Another hacked Florida city pays a ransom, this time for $600,000

Lake City, Florida, was the second city to agree to a large ransom in two weeks. PHOTO: REUTERS

MIAMI (NYTIMES) - Even the phones went down in the government of Lake City, Florida, after hackers launched a cyber attack that disabled the city's computer systems.

For several days after computer systems were paralysed by a ransomware attack, the staff of the small North Florida town worked with the FBI and an outside security consultant to restore phone lines, e-mail and online utility payments.

But in the end, city leaders called an emergency meeting this week and reluctantly approved paying the hackers the ransom they demanded: 42 bitcoin, or about US$460,000 (S$622,500).

It was the second city to agree to a large ransom in two weeks. Riviera Beach, in Florida's Palm Beach County, signed off on an extraordinary US$600,000 payment last week, also in bitcoin, a cyber currency that is difficult to trace.

As in Riviera Beach, the bulk of Lake City's ransom will be paid by insurance. Only US$10,000 will come out of the city's coffers.

"With your heart, you really don't want to pay these guys," Mayor Stephen Witt said. "But, dollars and cents, representing the citizens, that was the right thing to do."

The FBI, as it typically does, recommended against agreeing to the hackers' demands. But Mr Witt said a prolonged recovery would have cost taxpayers more. Though there was no guarantee that the attackers would release the city's data, he said information technology staff had already been making strides since the ransom had been paid.

On Thursday (June 27), a third Florida city, Key Biscayne, said it too had been the victim of a cyber attack that began on Sunday. It was not clear if the attackers demanded a ransom, but the city said it had brought most networks back up by Wednesday night.

Ransomware has become a digital epidemic for the public sector, which often manages large, tangled webs of computer networks, running older software, with limited budgets to defend them.

Police departments in Illinois, Maine, Massachusetts and Tennessee have all opted to pay the ransom demands to get back their data. The difference in Florida is that the attackers are now emboldened, raising their ransom demands by a factor of 10 or more.

City officials in Baltimore, a much larger city that has been fighting a massive ransomware attack for the past two months, have spent US$18 million on recovery. Hackers there had demanded a ransom of US$80,000.

A slew of other governments, including the city of Atlanta, have faced similarly crippling breaches.

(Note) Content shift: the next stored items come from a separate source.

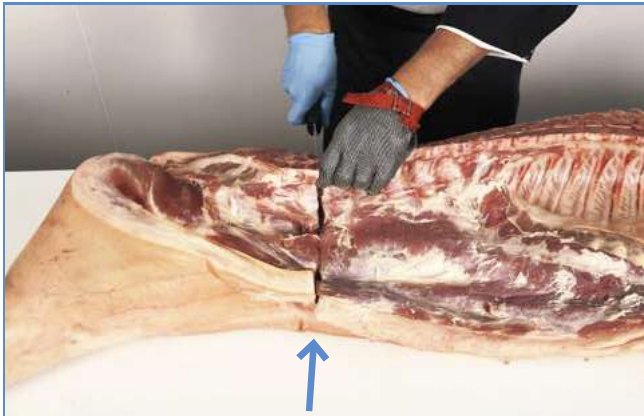
1 After the removal of the fillet, the leg and chump is removed between the 5th and 6th (last two) lumbar vertebrae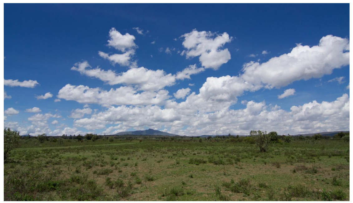
View of the sanctuary from the accommodation

Volunteers will stay in a dedicated complex on the sanctuary, designed and built to be completely carbon-neutral and off-grid, ensuring freedom from regular Kenyan power cuts! Electricity is provided by solar power, as is hot water. Water is sourced from an on-site borehole. The accommodations are made from fabricated shipping containers, offering extra safety. Meals will be prepared by a chef in a communal kitchen and there is a spacious semi-outdoor courtyard with aBBQ and open firepit. Volunteers will also benefit from a weekly laundry service and a twice-weekly cleaning service.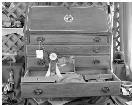
Duane's chest with inlay

The Lake City attack began on June 10 when an employee clicked on a malicious e-mail and infected the city's computers with ransomware, according to the mayor. The programme, which the city identified as malware known as Triple Threat, affected everything but Lake City's police and fire departments, which are on a separate server.

"As a result, all Emergency services remain intact," the city said when it disclosed the attack.

Several days went by before the hackers demanded a ransom. At first, the city, which is about 104km west of Jacksonville, at the point where Interstate 10 and Interstate 75 meet, had some luck restoring its systems on its own. But then it ran into trouble, so city leaders decided instead to negotiate with its insurance carrier, the Florida League of Cities, to make the ransom payment.

"Any IT professional will tell you they're fending off attacks all the time," said Mr Eric Hartwell, deputy general counsel and insurance counsel for the Florida league, which began offering cyber-attack liability coverage to its hundreds of members a few years ago.

"It's not necessarily a new thing - I just think for whatever reason, the news cycle is now showing municipalities are no different from private corporations."

There is a chance Lake City could have decrypted the ransomware on its own. A spokesman for the city said the ransomware was a variant of a malware strain called Ryuk. Security experts have successfully unscrambled Ryuk ransomware in 3 per cent to 5 per cent of cases, according to Emsisoft, a security firm.

Part of the problem, said Mr Brett Callow, a spokesman at Emsisoft, is that security experts need better communication channels with victims. His firm created ID Ransomware, a free website that allows victims to upload strains of ransomware so that security experts can help them to decrypt it.

In Europe, similar projects have proved successful. Security experts, law enforcement and local officials are partnering on the No More Ransom Project to share information about attacks in real time, share decryption techniques, and point law enforcement toward attackers' command and control servers.

In Poland last year, the Polish police, Belgian Federal Police and Europol arrested a Polish national suspected of having infected several thousand computers with ransomware. Security experts said they have had similar success working with the Dutch National Police, but have had a harder time connecting with the FBI because the agency has stricter communication protocols.

Mr Witt said Lake City fired an employee who it deemed had not done enough to protect the computer systems from an intrusion. That employee was not the same person who clicked on the malicious e-mail, he said.

"We're developing a system with a backup that hopefully won't be vulnerable," Mr Witt said, imploring other small-town mayors to do the same. "Every other town needs to look at their system - today."

"I have been in office 14 years," he added. "We've had tornadoes. We've had hurricanes. We've had fires that they told me were going to maybe reach the city limits. But this was unusual. This was different."